Step 1. Make sure you have a qualifying child for the child tax credit (defined below).
Step 2. Make sure you checked the box on Form 1040, line 6c, column (4), for each qualifying child.
Step 3. Answer the questions on this page to see if you may use the worksheet on page 42 to figure your credit or if you must use Pub. 972, Child Tax Credit. If you need Pub. 972, see page 7.
Questions-Who Must Use Pub 972?
1. Is the amount on Form 1040, line 38, more than the amount shown below for your filing status?
- Married filing jointly – $110,000
- Single, head of household, or qualifying widow(er) – $75,000
- Married filing separately – $55,000
Yes. STOP. You must use Pub. 972 to figure your credit.
No. Go to question 2.
2. Are you claiming any of the following credits?
- Adoption credit, Form 8839 (see the instructions for Form 1040, line 53, on page 43).
- Mortgage interest credit, Form 8396 (see the instructions for Form 1040, line 54, on page 43).
- District of Columbia first-time homebuyer credit, Form 8859.
Yes. STOP. You must use Pub. 972 to figure your credit.You will also need the form(s) listed above for any credit(s) you are claiming.
3. Are you excluding income from Puerto Rico or are you filing any of the following forms?
- Form 2555 or 2555-EZ (relating to foreign earned income).
- Form 4563 (exclusion of income for residents of American Samoa).
Yes. STOP. You must use Pub. 972 to figure your credit.
No. Use the worksheet on page 42 to figure your credit.
Line 53 - Adoption Credit
You may be able to take this credit if either of the following applies.
- You paid expenses to adopt a child.
- You adopted a child with special needs and the adoption became final in 2005.
See the Instructions for Form 8839 for details.
Include the following credits on line 54 and check the appropriate box(es). To find out if you can take the credit, see the form indicated.
- Mortgage interest credit. If a state or local government gave you a mortgage credit certificate, see Form 8396.
- District of Columbia first-time homebuyer credit. See Form 8859.
Line 55 - Other Credits
Include the following credits on line 55 and check the appropriate box(es). If box c is checked, also enter the form number, if applicable. To find out if you can take the credit, see the form or publication indicated.
- Credit for prior year minimum tax. If you paid alternative minimum tax in a prior year, see Form 8801.
- Qualified electric vehicle credit. If you placed a new electric vehicle in service in 2005, see Form 8834.
- General business credit. This credit consists of a number of credits that usually apply only to individuals who are partners, shareholders in an S corporation, self-employed, or who have rental property. See Form 3800 or Pub. 334.
- Empowerment zone and renewal community employment credit. See Form 8884.
- Credit for alcohol used as fuel. See Form 6478.
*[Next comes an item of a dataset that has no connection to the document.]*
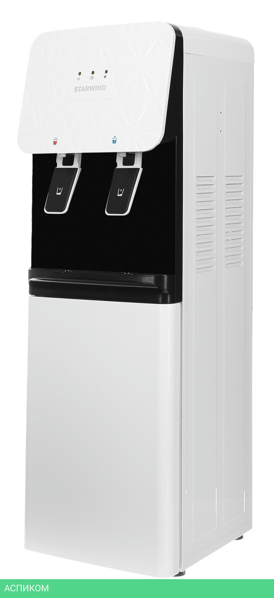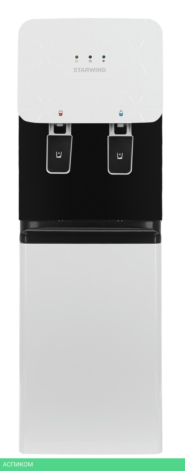 кулер для воды / напольный / электронное / бутыль сверху / нажим кружкой / да / нет / нет / нет / белый; черный

- Renewable electricity, refined coal, and Indian coal production credit for electricity and refined coal produced at facilities placed in service after October 22, 2004, and Indian coal produced at facilities placed in service after August 8, 2005. See Form 8835, Section B.
- New York Liberty Zone business employee credit. If you have a carryforward credit from Form 8884, see Form 8835, Section B.
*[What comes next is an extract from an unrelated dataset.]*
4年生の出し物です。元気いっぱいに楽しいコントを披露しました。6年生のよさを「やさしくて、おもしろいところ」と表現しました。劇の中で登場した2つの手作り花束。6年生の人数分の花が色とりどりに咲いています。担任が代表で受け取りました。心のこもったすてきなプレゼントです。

- Nonconventional source fuel credit. If you sold fuel produced from a nonconventional source, or you were an owner of royalty interests and you received income from the sale of fuel produced from a nonconventional source, you may be able to take this credit. See Form 8907.
- Qualified zone academy bond credit. This credit applies only to S corporation shareholders. See Form 8860.